● Your assignment
Which lines run from the line with "さらに、この日の上昇で日経平" to the end of the entries? Write out exactly those, leaving out the pictures.

● The records
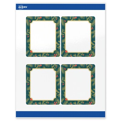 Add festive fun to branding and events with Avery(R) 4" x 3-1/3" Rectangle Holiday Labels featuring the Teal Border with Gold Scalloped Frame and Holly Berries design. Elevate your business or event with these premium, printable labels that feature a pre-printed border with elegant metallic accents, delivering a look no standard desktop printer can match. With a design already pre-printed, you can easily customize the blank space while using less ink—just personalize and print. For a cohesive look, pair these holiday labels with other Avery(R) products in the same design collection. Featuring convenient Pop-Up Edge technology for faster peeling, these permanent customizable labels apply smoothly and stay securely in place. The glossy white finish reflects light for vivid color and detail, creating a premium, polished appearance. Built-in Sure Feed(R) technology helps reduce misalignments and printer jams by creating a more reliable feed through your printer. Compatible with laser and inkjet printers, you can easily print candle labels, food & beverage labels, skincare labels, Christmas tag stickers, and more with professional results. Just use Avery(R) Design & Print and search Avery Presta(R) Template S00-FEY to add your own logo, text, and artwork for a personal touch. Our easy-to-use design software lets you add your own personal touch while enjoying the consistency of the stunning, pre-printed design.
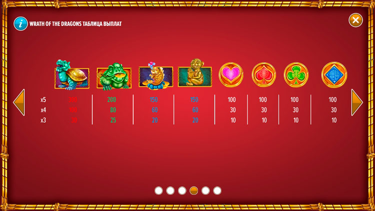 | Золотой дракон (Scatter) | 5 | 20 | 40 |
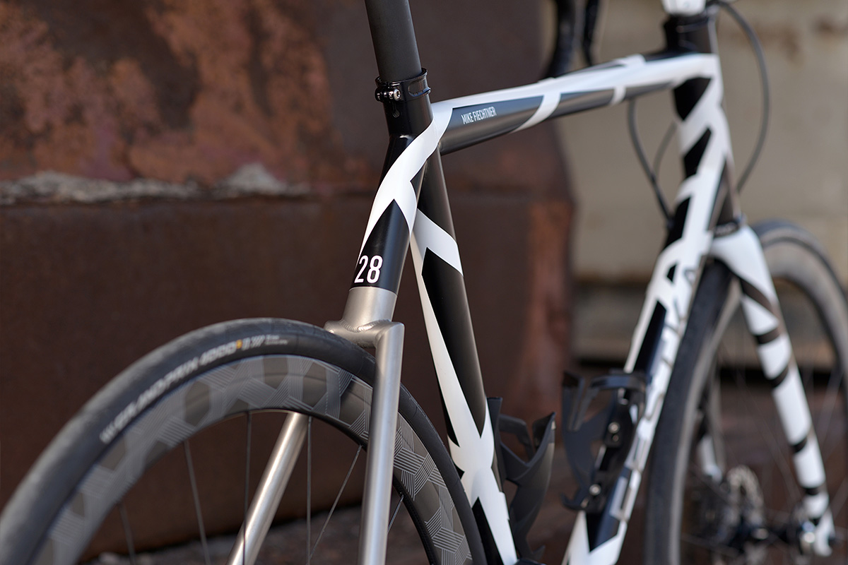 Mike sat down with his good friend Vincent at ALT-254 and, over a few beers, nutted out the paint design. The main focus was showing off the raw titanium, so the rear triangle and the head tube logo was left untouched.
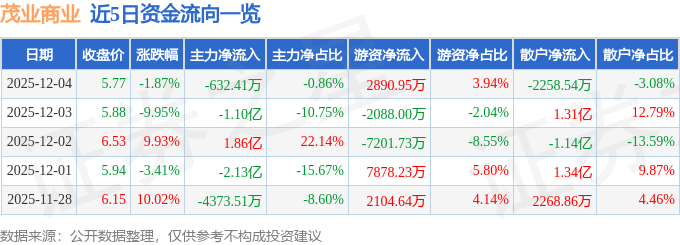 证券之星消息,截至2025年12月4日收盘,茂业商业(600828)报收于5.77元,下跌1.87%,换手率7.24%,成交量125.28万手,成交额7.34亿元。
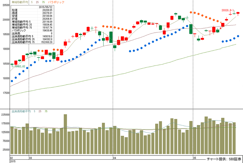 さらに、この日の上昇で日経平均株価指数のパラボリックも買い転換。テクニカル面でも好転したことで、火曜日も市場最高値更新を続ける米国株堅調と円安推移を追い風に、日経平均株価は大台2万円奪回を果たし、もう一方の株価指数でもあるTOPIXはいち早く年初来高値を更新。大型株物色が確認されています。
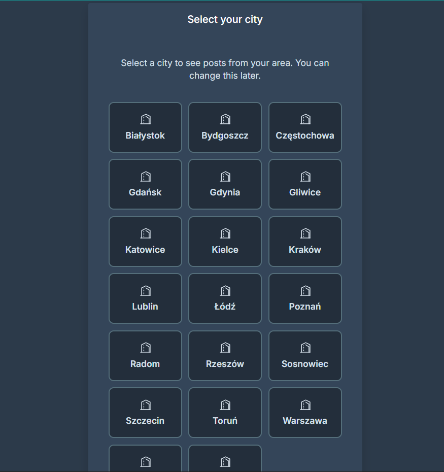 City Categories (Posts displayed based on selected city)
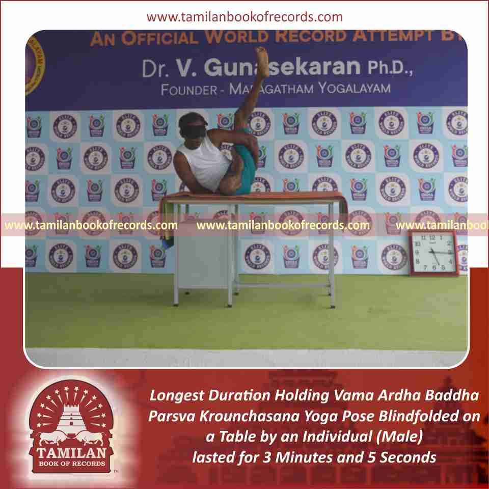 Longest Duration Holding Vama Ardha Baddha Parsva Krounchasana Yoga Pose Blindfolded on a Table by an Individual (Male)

● Written response
 さらに、この日の上昇で日経平均株価指数のパラボリックも買い転換。テクニカル面でも好転したことで、火曜日も市場最高値更新を続ける米国株堅調と円安推移を追い風に、日経平均株価は大台2万円奪回を果たし、もう一方の株価指数でもあるTOPIXはいち早く年初来高値を更新。大型株物色が確認されています。
 City Categories (Posts displayed based on selected city)
 Longest Duration Holding Vama Ardha Baddha Parsva Krounchasana Yoga Pose Blindfolded on a Table by an Individual (Male)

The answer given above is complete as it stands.